A few weeks ago I posted a hymn I typeset and said I would explain later. While I don’t expect it likely that anyone is waiting with baited breath, I really shouldn’t have waited so long. It relates to a project I’m working on.

I direct a small choir, associated with the local parish, which sings Gregorian Chant on occasion. I have been asked by the youth ministry director to put together a Sunday vespers service for the youth group to use once a month. The only caveat was that it needed to be in English.

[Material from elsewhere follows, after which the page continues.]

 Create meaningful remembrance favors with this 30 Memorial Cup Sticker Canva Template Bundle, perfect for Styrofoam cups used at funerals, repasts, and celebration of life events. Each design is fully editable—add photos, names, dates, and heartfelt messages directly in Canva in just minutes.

So I am in the process of setting vespers, in English, to the traditional Gregorian musical framework. No small task. One which requires an understanding of the differences between the structure of English and Latin and how language interacts with music in chant. There are serious difficulties you can’t just pull the Latin and plug in the English for most of this stuff.

I’m somewhat familiar with the traditional Roman and Monastic Divine Office but since this was going to be in English I decided to look into the modern liturgy of the hours with which I was unfamiliar. Wow what a mess. Instead of essentially the same thing each Sunday, the psalms are on a four week cycle and the hymn on a two week cycle. Additionally there is something called a ‘New Testament Canticle’ which appears to be a complete fabrication. Almost nothing in the new service resembles what has been vespers in the western church for the last 1500 years. Additionally the translation seems poor. Psalm 109(110) begins “Dixit Dominus Domino meo, sede a dextris meis” The Lord said to my Lord sit at my right hand in the modern Liturgy of the hours it is rendered “The Lords revelation to my master, sit on my right”. Sorry to complain but I’d really rather avoid this if it can be helped. I stopped into the local Monastery to see what they do and it’s basically the traditional monastic vespers but in English.

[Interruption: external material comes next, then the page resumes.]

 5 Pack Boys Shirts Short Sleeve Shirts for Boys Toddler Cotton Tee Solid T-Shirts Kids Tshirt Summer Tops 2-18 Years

So after consulting with the appropriate persons, the decision has been made to use the approved but obsolete 1964 Roman Breviary in English. Nobody involved with this has an obligation to the divine office and it’s not really something ‘public’, so I don’t see a problem with doing this. Technically speaking this makes it devotional rather that canonically liturgical, but I think it rather legalistic to make a big deal about it.

I will likely post the finished product here. Possibly I will create and post recording for learning purposes, if there’s interest. Is there interest?